- Born: December 24, 1927
- Died: February 19, 2025 (aged 97)
- Education: University of Florida
- Known for: His research in herpetology
- Scientific career
- Fields: Biology
- Workplaces: University of Maryland, College Park
- Thesis: On the relationships of the salamanders of the genus Plethodon (1956)
- Doctoral students: Stephen Blair Hedges

= Richard Highton =

American zoologist (1927–2025)

Richard Highton (December 24, 1927 – February 19, 2025) was an American herpetologist, an expert on the biological classification of woodland salamanders.

==Background==
Highton was born in Chicago. His father encouraged his son to have an interest in herpetology. In 1950 he was awarded a bachelor's degree in biology, mathematics and sociology from New York University, with his studies interrupted by military service. He received his master's degree and Doctorate in Philosophy from the University of Florida.

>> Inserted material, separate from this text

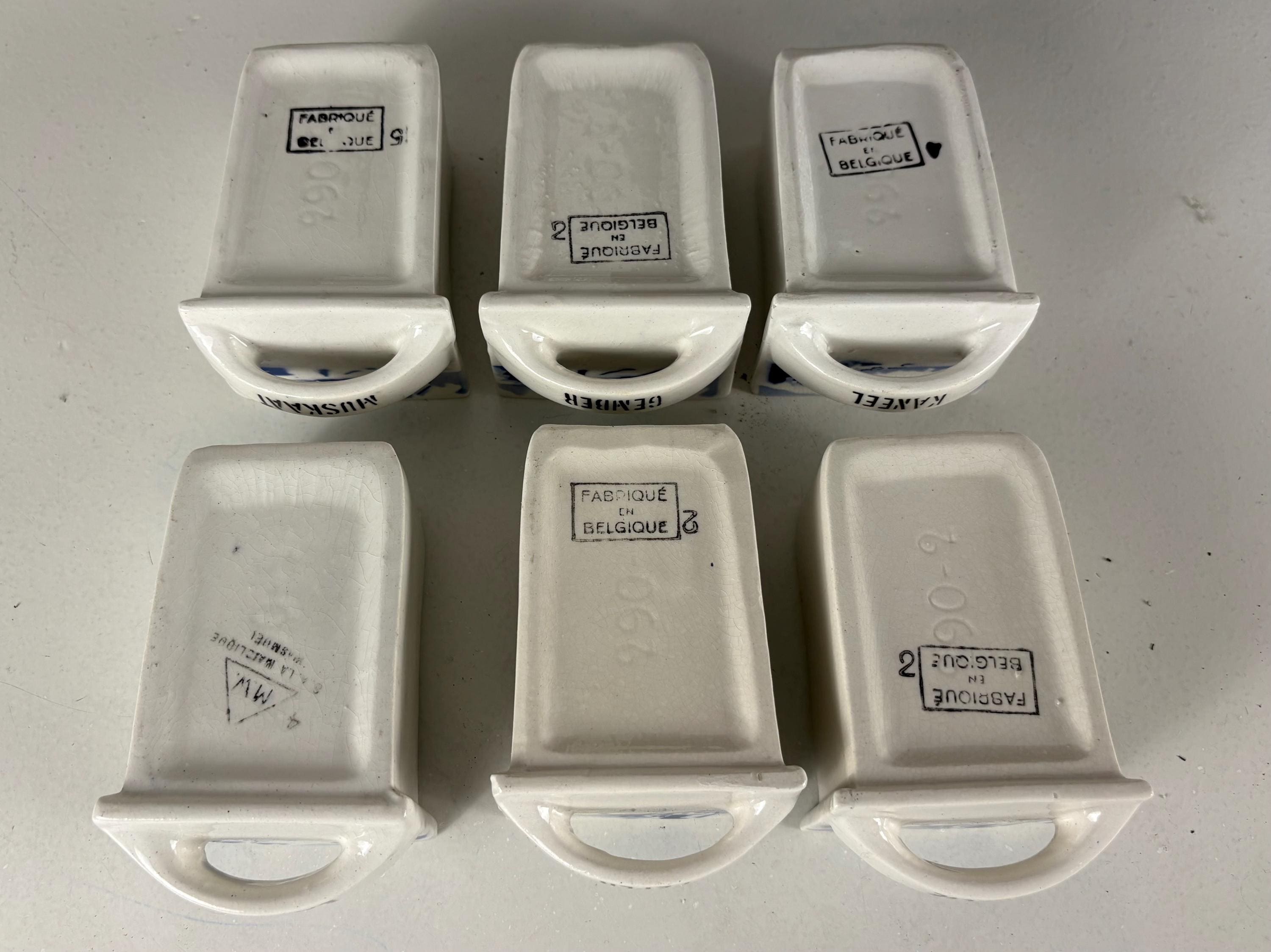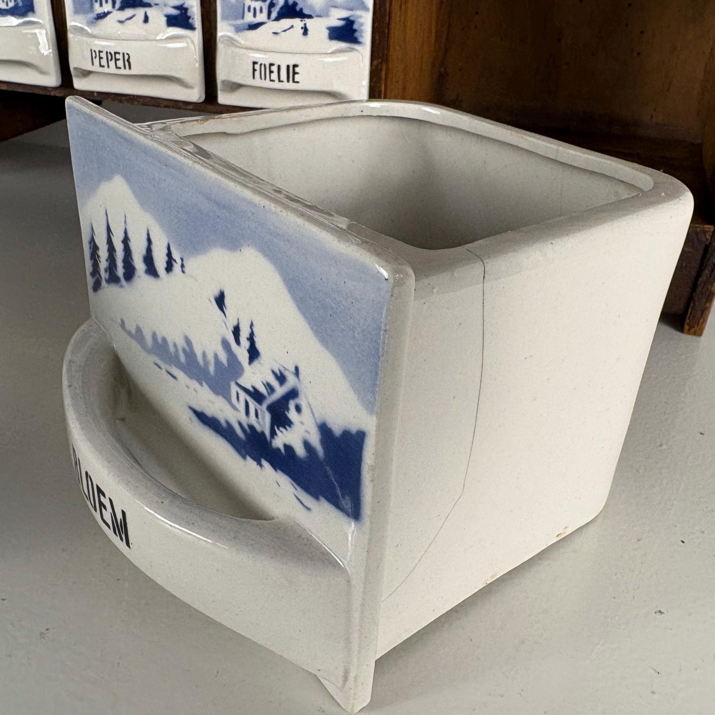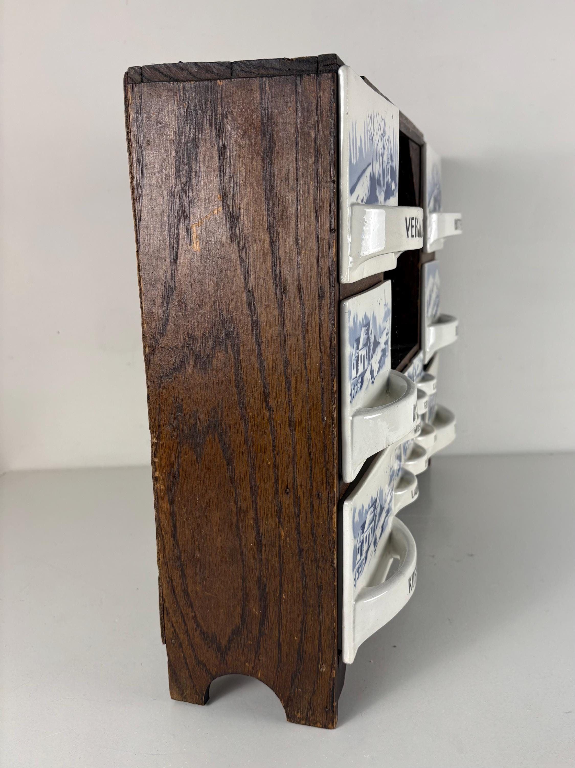 Beautiful old wooden spice rack cabinet. The spice cabinet has 12 porcelain drawers in white and blue, 6 larger and 6 smaller drawers. Beautiful vintage antique from Belgium from around the 1930s. It has the following names on the drawers: vermicelli, rice, coffee, bitter carrot, flower, tea, coffee, nutmeg, ginger, cinnamon, bay leaf, pepper and mace.

In 1950 he married Anne Adams and they had four children together. Highton died on February 19, 2025, at the age of 97.

==Career==
A field visit to the southern Appalachians mountains in 1948 with Carl Gans was the start of his work on salamanders.
In 1956 he joined the Zoology Department University of Maryland College Park, with emphasis on genetics and was Professor Emeritus in Biology. On his retirement in 1998, his collection of approximately 140,000 salamander specimens was donated to the Smithsonian Institution.

Since 1999 he has been a member of the Committee on Standard and English Scientific Names for North American Amphibians and Reptiles. He is the author or co-author of over 90 scientific publications.

==Honours and awards==
He was president of the American Society of Ichthyologists and Herpetologists in 1976 and President of the University of the Maryland Chapter of Sigma Xi from 1979 to 1980.
The intestinal parasite of salamanders Isospora hightoni was named in his honour.